Por que será que não alcançamos felicidade quando a perseguimos tão incessantemente?
Porque partimos de uma confusão muito grande quanto ao que seja o sofrimento.
Tentamos no livrar do sofrimento, da sensação de sofrimento, mas não sabemos nem
compreendemos o que deve ser feito. Nunca nos demos a oportunidade, nunca
encontramos o conhecimento que permite observar o que causa o sofrimento. Porque se
não nos libertarmos da causa do sofrimento, tentar nos livrar da sensação de sofrimento
é como arranhar uma superfície, não chegamos ao problema fundamental.
Em geral, tentamos evitar a sensação de sofrimento. Temos a idéia de que é errado
sofrer, que existe exteriormente algo real do qual não devemos nos aproximar. Mas por
mais que se queira fugir da sensação de sofrimento, se não nos libertamos da causa do
sofrimento nunca nos libertaremos da sensação do sofrimento. Por isso, uma idéia muito
errada que temos é que devemos nos livrar do sofrimento e não da causa do sofrimento;
que o sofrimento é criado externamente.
As circunstâncias exteriores podem influir, mas não são de forma alguma a causa do
sofrimento. E o grau de influência que as circunstâncias externas podem ter sobre nós
depende de quanto vamos permitir a estas circunstâncias externas de nos influenciar.
Quando Buda Sakiamuni deu o seu primeiro ensinamento conhecido como as Quatro
Nobres Verdades, a primeira é que precisamos conhecer e compreender o sofrimento.
Compreender a verdade do sofrimento. Ele não disse "livrem-se do sofrimento", porém
"compreendam a verdade sobre o sofrimento". E o que será que o Buda Sakiamuni quer
dizer com "compreendam a verdade sobre o sofrimento"?
Se podemos compreender a verdade sobre o sofrimento, temos a virtude de poder
começar a compreender a causa do sofrimento. O sofrimento não acontece
simplesmente, o sofrimento tem a sua causa, como todas as coisas. Devido à natureza
interdependente de todas as coisas não há consequência sem causa. Assim, na segunda
Nobre Verdade, o Buda Sakiamuni disse que precisamos nos livrar das causas do
sofrimento. As causas do sofrimento são padrões conflitantes de emoção e carma.
Nossas várias tendências habituais, fruto da ignorância. Quando nos referimos à
ignorância queremos dizer a noção de um eu ou do ego que tenha existência inerente.
Devido à idéia da existência do si-mesmo, do eu ou do ego, automaticamente nos vem a
fixação referencial da noção do outro, da permanência do sujeito e do objeto, ou, em
outras palavras, a noção dualista de eternalismo e niilismo.

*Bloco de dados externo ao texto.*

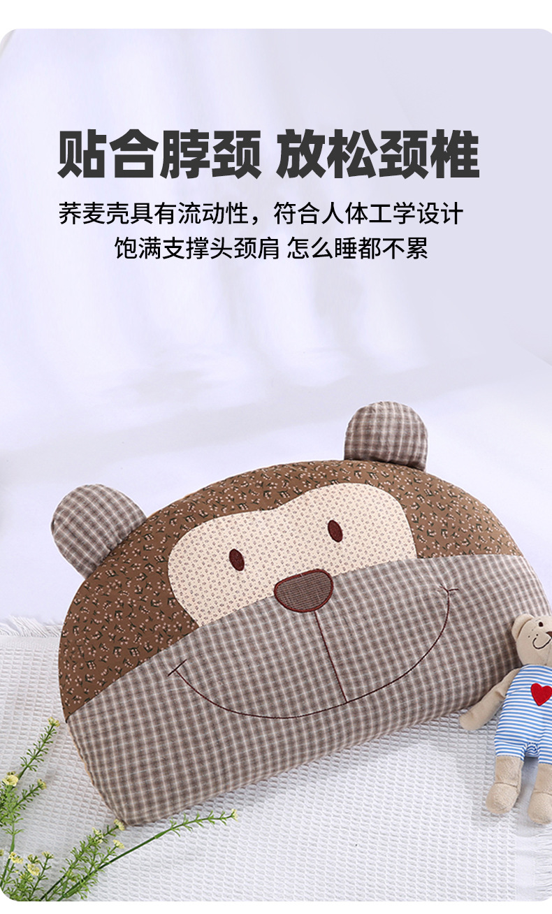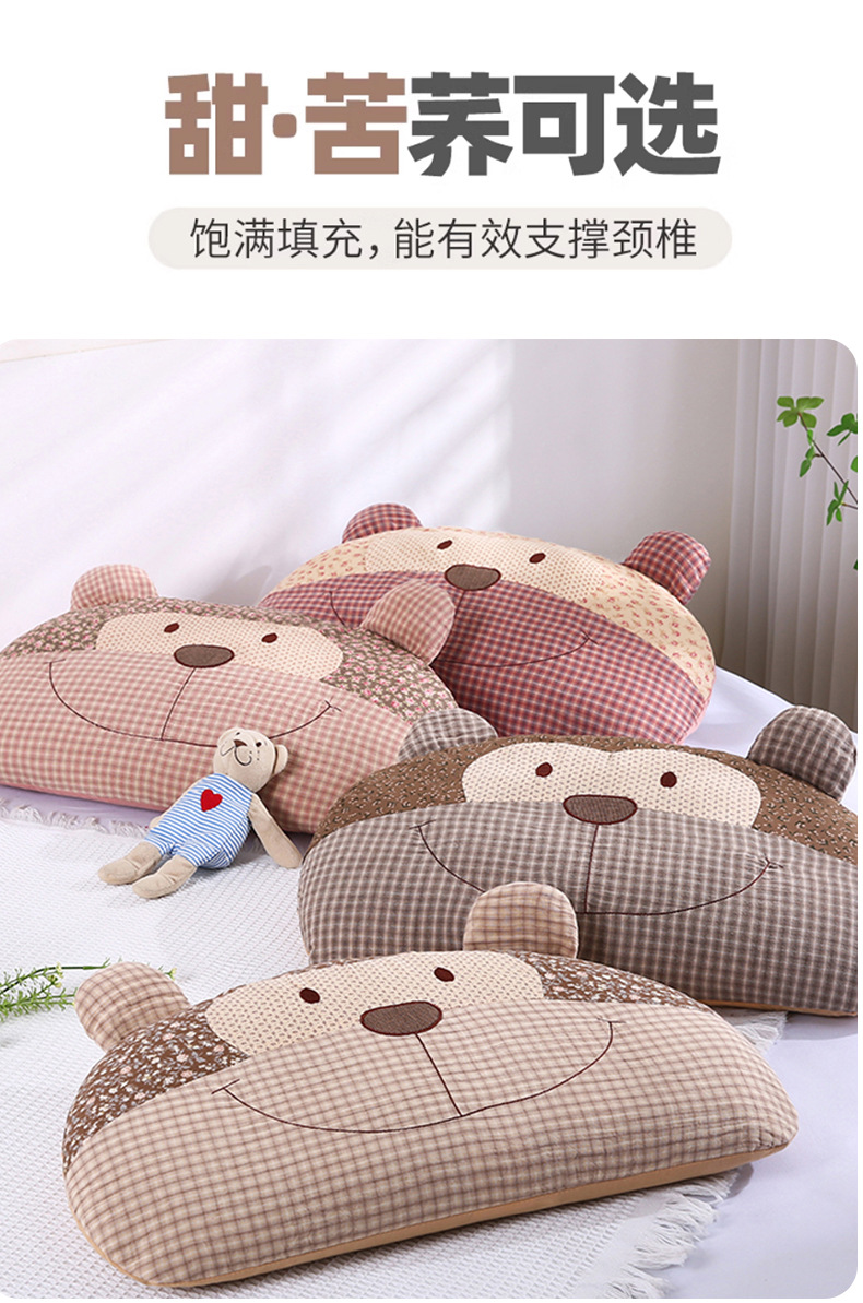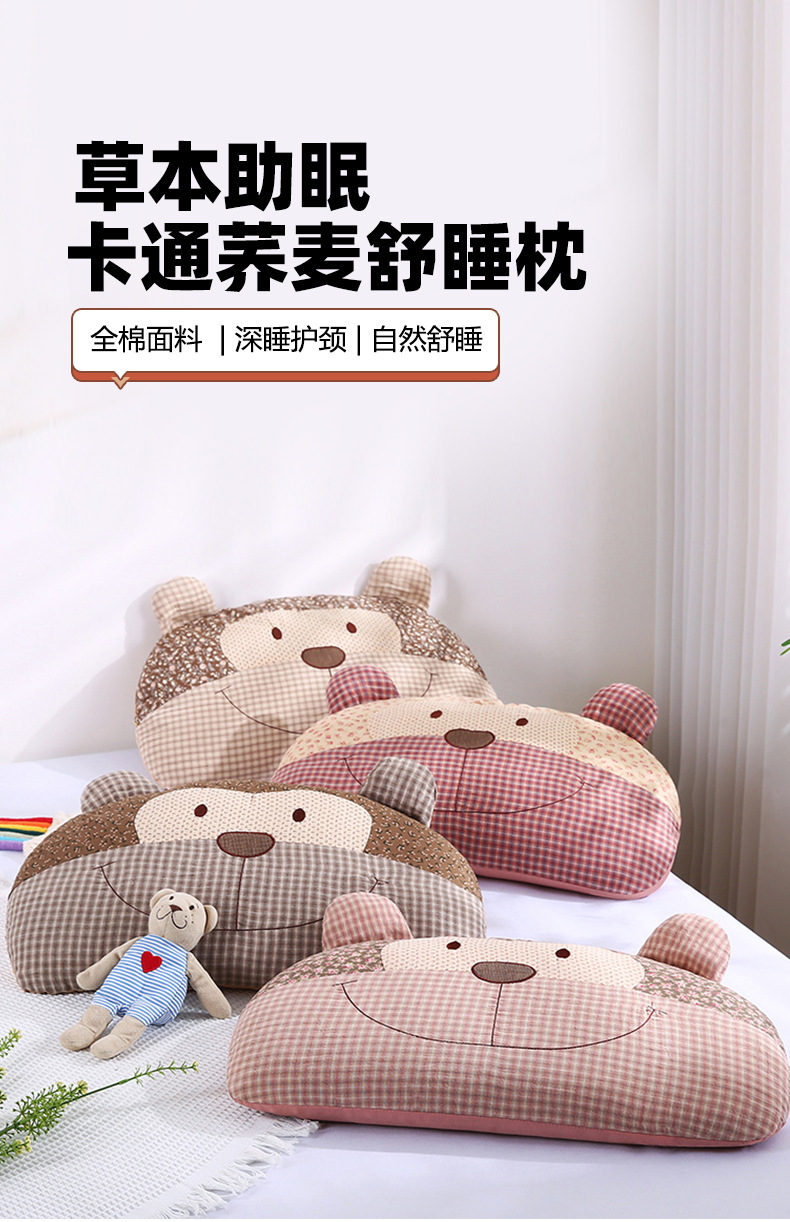 면 만화 귀여운 땀 흡수성 통기성 메밀 베개 면화 어린이 학생 성인 베개 이동식 및 빨 수 있는 도매
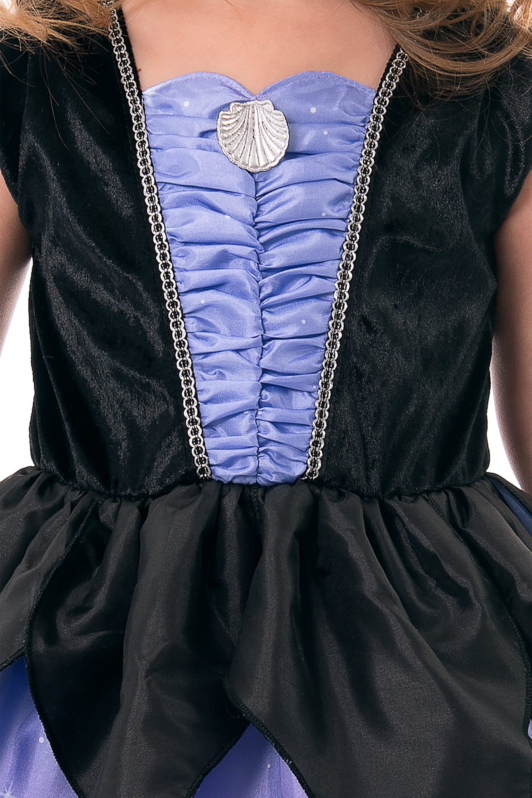 Come explore the darkest depths of the ocean in our Sea Witch Dress! This dress begins with a ruched bodice adorned with a silver seashell. Black tentacles overlay the enchanting purple skirt and a sparkling silver crown completes the look.

A nossa tendência normal é acreditar que as coisas, ou o que quer que seja, existem
permanentemente e aí cremos no eternalismo. Mas nada é permanente e quando vem a
mudança somos abalados por termos acreditado na permanência. Mas a realidade não
substancia o que pensamos. Portanto, não é a mudança que nos traz o sofrimento, é o
fato de cremos na permanência, no eternalismo.
Não temos a compreensão de que os fenômenos existem interdependentemente. Tudo
existe interdependentemente, e o que existe interdenpendentemente não tem
permanência. Portanto, ou cremos na permanência de tudo ou vamos para o outro
extremos, acreditando na não-exitência de tudo e caímos no niilismo. Vivemos num
conflito entre o eternalismo e o niilismo, dissociado da realidade fundamental da
natureza das coisas, causado pelas tendências habituais ou fixação dualística.
Por crermos nessa fixação habitual da permanência do sujeito, na noção de permanência
do objeto e na separação de ambos, temos todas espécie de atitude errônea, como ira,
agressão, desejo. Estas fixações nos levam a agir de forma confusa, nos envolvendo em
todo tipo de ações nefastas do corpo, da palavra e da mente que contribuem para o
acúmulo de tendência habituais. Quanto mais hábitos confusos acumulamos mais ações
nefastas surgirão, sem que se tenha qualquer controle.
Desta forma, um certo hábito ou círculo vicioso se inicia. Temos a idéia de que nós, como
seres humanos, somos medianamente espertos. Pensamos que temos algum controle
sobre nossas vidas, que tomamos nossas próprias decisões e que decidimos e agimos
livremente. Se o nosso desejo é de experienciar mais dor, então as nossas decisões se
aplicam. Contudo, nós não tomamos decisões fundadas na liberdade e na sabedoria.
Tomamos nossas decisões fundadas na confusão, e somos levados pela confusão que nos
diverte. Somos permanentemente atraídos pelas nossas próprias confusões.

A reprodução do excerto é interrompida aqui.